- What to do -
Transcribe, exactly and without pictures, the lines below from the line with "克日,,,张家川县张棉驿乡张" to the line with "In the image", both ends included, and no others.

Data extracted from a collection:
____________
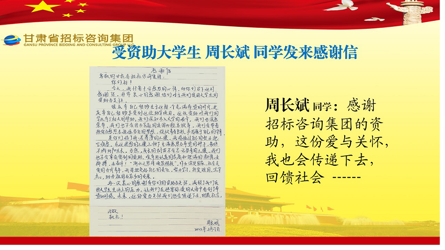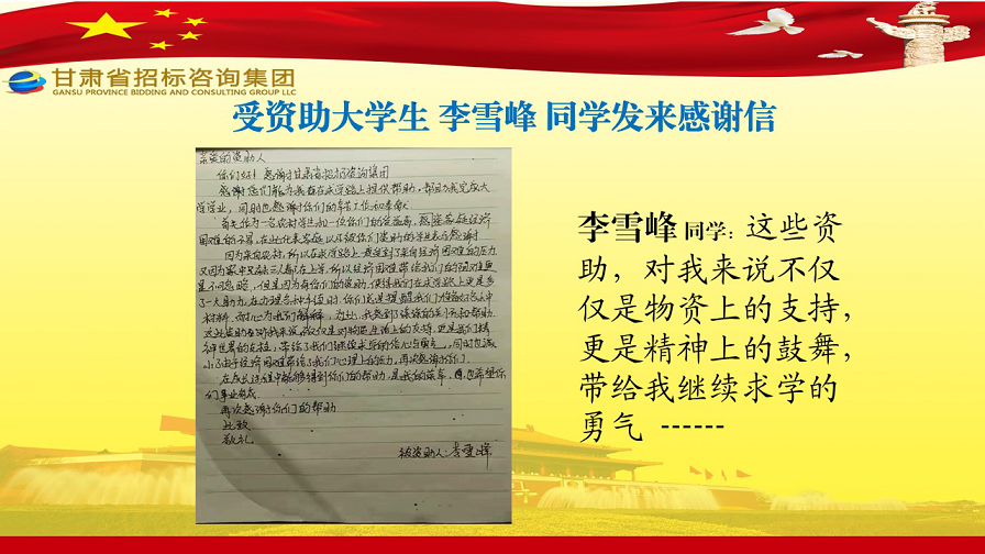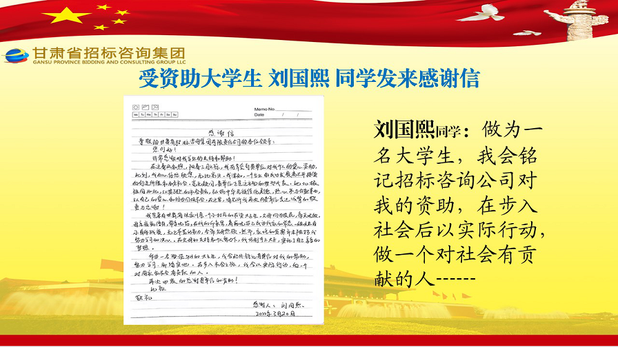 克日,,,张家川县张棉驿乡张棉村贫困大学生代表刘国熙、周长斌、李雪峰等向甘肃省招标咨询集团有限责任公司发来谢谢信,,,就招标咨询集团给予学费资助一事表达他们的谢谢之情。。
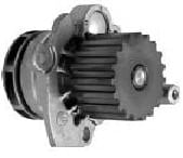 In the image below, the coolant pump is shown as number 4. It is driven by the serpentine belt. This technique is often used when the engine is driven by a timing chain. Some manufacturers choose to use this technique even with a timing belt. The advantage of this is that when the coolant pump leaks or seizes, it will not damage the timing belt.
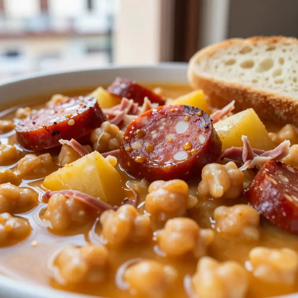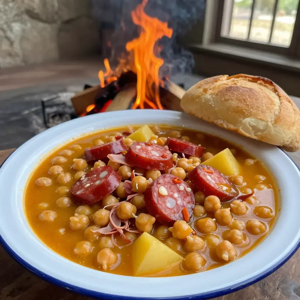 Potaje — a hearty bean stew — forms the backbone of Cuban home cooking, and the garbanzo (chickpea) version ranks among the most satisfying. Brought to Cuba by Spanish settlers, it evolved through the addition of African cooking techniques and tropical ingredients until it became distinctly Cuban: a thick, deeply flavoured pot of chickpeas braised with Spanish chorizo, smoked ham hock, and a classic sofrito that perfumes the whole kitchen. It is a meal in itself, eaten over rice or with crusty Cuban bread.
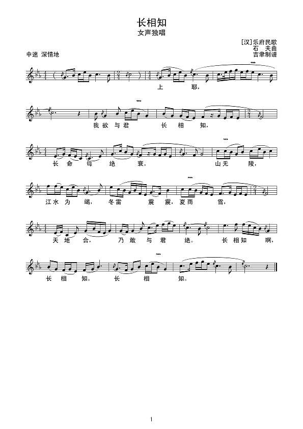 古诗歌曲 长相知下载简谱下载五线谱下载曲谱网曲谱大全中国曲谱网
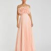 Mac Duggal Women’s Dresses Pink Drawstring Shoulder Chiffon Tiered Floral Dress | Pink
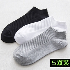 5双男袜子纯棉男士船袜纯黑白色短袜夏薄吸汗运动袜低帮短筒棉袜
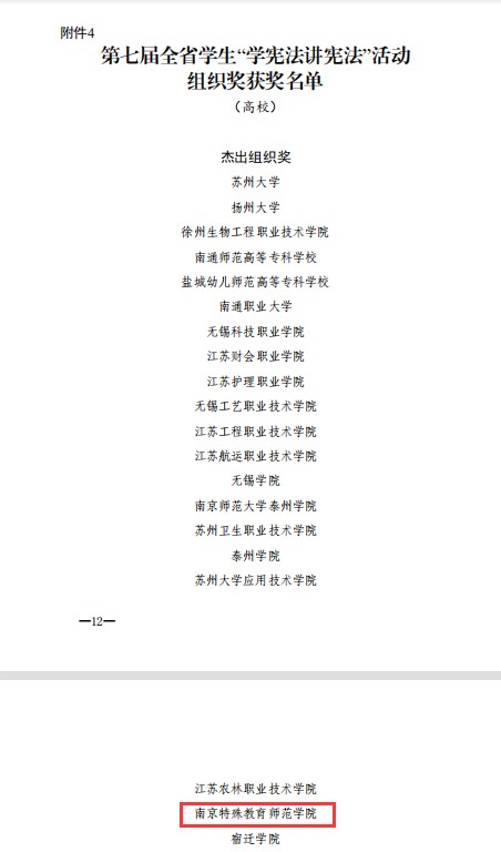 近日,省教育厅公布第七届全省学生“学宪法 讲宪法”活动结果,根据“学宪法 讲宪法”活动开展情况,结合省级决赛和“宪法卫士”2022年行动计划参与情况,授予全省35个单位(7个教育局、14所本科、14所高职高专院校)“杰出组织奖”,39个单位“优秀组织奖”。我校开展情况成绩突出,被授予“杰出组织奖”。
____________
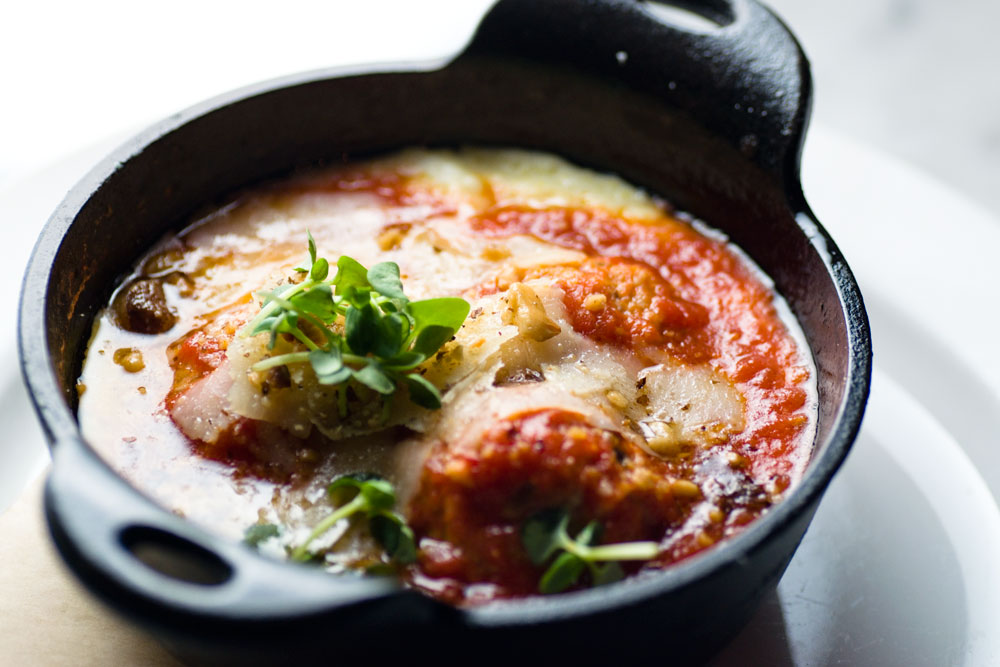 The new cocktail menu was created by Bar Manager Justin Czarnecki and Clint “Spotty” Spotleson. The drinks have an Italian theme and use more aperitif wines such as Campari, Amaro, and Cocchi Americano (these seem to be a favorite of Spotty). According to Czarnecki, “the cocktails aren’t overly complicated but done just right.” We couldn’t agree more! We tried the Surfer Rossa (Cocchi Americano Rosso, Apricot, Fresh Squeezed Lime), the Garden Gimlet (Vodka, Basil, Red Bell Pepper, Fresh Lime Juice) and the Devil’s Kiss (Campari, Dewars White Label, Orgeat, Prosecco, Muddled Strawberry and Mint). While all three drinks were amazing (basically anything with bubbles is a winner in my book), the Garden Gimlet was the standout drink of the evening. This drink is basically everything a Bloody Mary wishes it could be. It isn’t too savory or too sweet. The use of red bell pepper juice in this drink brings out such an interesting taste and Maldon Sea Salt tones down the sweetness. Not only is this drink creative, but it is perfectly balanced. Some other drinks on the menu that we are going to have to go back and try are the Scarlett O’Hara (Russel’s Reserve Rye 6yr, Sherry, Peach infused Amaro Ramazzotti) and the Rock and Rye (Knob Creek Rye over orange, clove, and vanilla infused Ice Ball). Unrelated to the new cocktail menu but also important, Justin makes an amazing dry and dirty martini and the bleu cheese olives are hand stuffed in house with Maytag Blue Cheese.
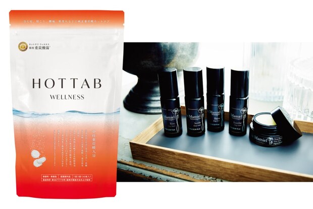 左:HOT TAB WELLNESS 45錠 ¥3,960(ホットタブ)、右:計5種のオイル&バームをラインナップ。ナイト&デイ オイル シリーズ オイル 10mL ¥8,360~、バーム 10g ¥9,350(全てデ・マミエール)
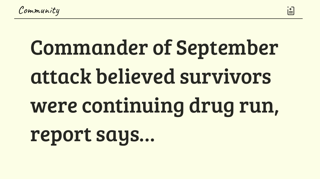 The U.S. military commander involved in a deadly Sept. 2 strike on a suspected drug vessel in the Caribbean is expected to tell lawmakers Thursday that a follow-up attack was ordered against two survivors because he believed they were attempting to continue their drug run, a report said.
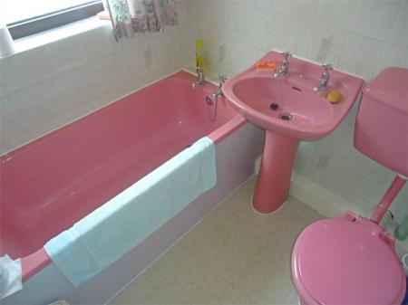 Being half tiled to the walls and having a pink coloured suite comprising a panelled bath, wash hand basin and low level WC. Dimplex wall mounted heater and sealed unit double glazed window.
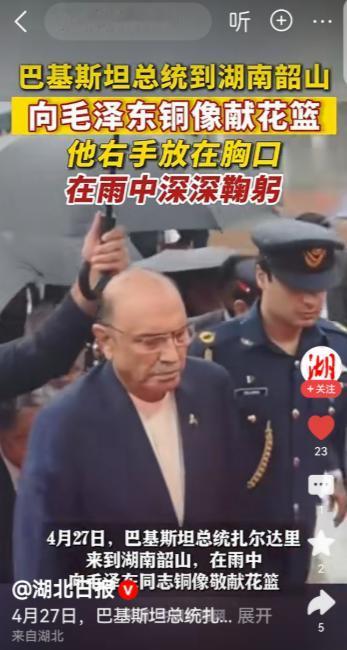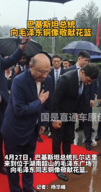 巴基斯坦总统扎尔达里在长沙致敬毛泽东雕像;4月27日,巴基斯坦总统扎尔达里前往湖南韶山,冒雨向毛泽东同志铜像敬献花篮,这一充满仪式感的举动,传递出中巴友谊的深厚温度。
____________
- Task output -
 克日,,,张家川县张棉驿乡张棉村贫困大学生代表刘国熙、周长斌、李雪峰等向甘肃省招标咨询集团有限责任公司发来谢谢信,,,就招标咨询集团给予学费资助一事表达他们的谢谢之情。。
 In the image below, the coolant pump is shown as number 4. It is driven by the serpentine belt. This technique is often used when the engine is driven by a timing chain. Some manufacturers choose to use this technique even with a timing belt. The advantage of this is that when the coolant pump leaks or seizes, it will not damage the timing belt.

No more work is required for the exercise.